Bazel + Cargo Dual Build: Codex CLI uses both Cargo (for development) and Bazel (for CI/release). The find_resource! macro and cargo_bin() helper abstract over runfile differences.

Snapshot Testing: codex-rs/tui/ extensively uses insta for UI snapshot tests. Any UI change requires corresponding snapshot coverage.

Core Modularity: Explicit resistance to adding code to codex-core. New functionality goes into purpose-built crates (codex-apply-patch, codex-memories, codex-sandboxing) rather than growing the core crate.

DeepSeek TUI

RLM (Recursive Language Model): Unique in this space. A sandboxed Python REPL where a sub-LLM can call helpers (llm_query, llm_query_batched, rlm_query) for batch processing, chunking, and recursive critique. Neither competitor has an equivalent.

Durable Tasks: Restart-aware persistent task objects with evidence tracking (gate runs, PR attempts, timeline). Designed for long-running autonomous work that survives restarts.

Automations: Scheduled recurring tasks with cron-style RRULE recurrence. Unique among the three.

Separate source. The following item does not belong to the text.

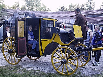 Die Schwarzacher Freilichtbühne präsentiert das Wirtshaus im Spessart Mit der Kutsche treffen die Reisenden in der Spielstätte "Birkenhof" ein, um im dortigen "Wirtshaus zum Spessart" einzukehren. (Foto: privat)(bro) Ab dem 26. Mai startet in der Schwarzacher Freilichtbühne "Theater im Birkenhof" die neue Spielzeit mit der Räuberkomödie "Das Wirtshaus im Spessart" frei nach Wilhelm Hauff. Das Schwarzacher Ensemble präsentiert eine Bühnenfassung nach Bernd Kolarik. Neben spritzigem Humor, zeichnet sich seine Komödie durch den Bezug zu sozialhistorischen Komponenten aus, natürlich kommt auch hier die Musik nicht zu kurz. Besonders erfreulich kennzeichnet der Regisseur und Künstlerische Leiter des "Theater im Birkenhof" Alexander Kaffenberger die Beteiligung vieler neuer Gesichter in dem mittlerweile auf 30 Personen angewachsenen Ensembles. Die Zuschauertribüne musste in diesem Jahr eigens für das Bühnenbild von "Das Wirtshaus im Spessart" verändert werden. Entgegen den Vorjahren mit zwölf Stuhlreihen mit jeweils 31 Plätzen gibt es in dieser Spielzeit erstmals insgesamt 17 Stuhlreihen mit jeweils 19 Sitzplätzen pro Reihe. Die Premiere von "Das Wirtshaus im Spessart" in der Schwarzacher Freilichtbühne ist am Mittwoch, 26. Mai. Weitere Aufführungen sind am Donnerstag, 27. Mai, Freitag, 28. Mai, Samstag, 29. Mai, Montag, 31. Mai sowie am Dienstag, 1. Juni, Mittwoch 2. Juni, Freitag, 4. Juni, Samstag, 5. Juni und Mittwoch, 9. Juni 2004. Beginn ist jeweils um 20 Uhr. Der Einlass ist ab 19.30 Uhr.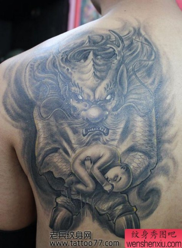 一张帅气的背部麒麟送子纹身图案

What DeepSeek TUI Already Excels At

  • RLM — batch/bulk LLM processing in a Python sandbox; no equivalent in either competitor
  • Finance — live stock/crypto quotes; unique in this space
  • Automations — scheduled recurring tasks with cron rules
  • Durable tasks — restart-aware with evidence tracking and gate verification
  • Turn revert — undo workspace changes per turn via side-git snapshots
  • Data validation — JSON/TOML validation tool
  • Web run — headless browser interaction (Codex CLI has Browser Use but it's desktop-app-gated)
  • Parallel tool execution — explicitly modeled as infrastructure
  • Git/GitHub operations — comprehensive git module with blame, log, diff, status plus full GitHub API via gh
  • Project map — high-level project structure generation

  1. LSP tool — single biggest capability gap. Estimated 3050% reduction in codebase exploration turns.
  2. Path-pattern permissions — reduces approval fatigue by 6080% over long sessions.
  3. Persistent memory — compounds value across sessions; foundational for long-running projects.
  4. Pre/Post-tool-use hooks — escape hatch for user-defined guardrails without system prompt bloat.
  5. Skill auto-discovery — enables community skill ecosystem and Claude Code compatibility.
  6. Agent profiles — named agent types with model/permission inheritance.
  7. Tool search for MCP — keeps context window manageable when connecting to MCP servers with many tools.
  8. Shell sandboxing — security improvement, starting with macOS Seatbelt.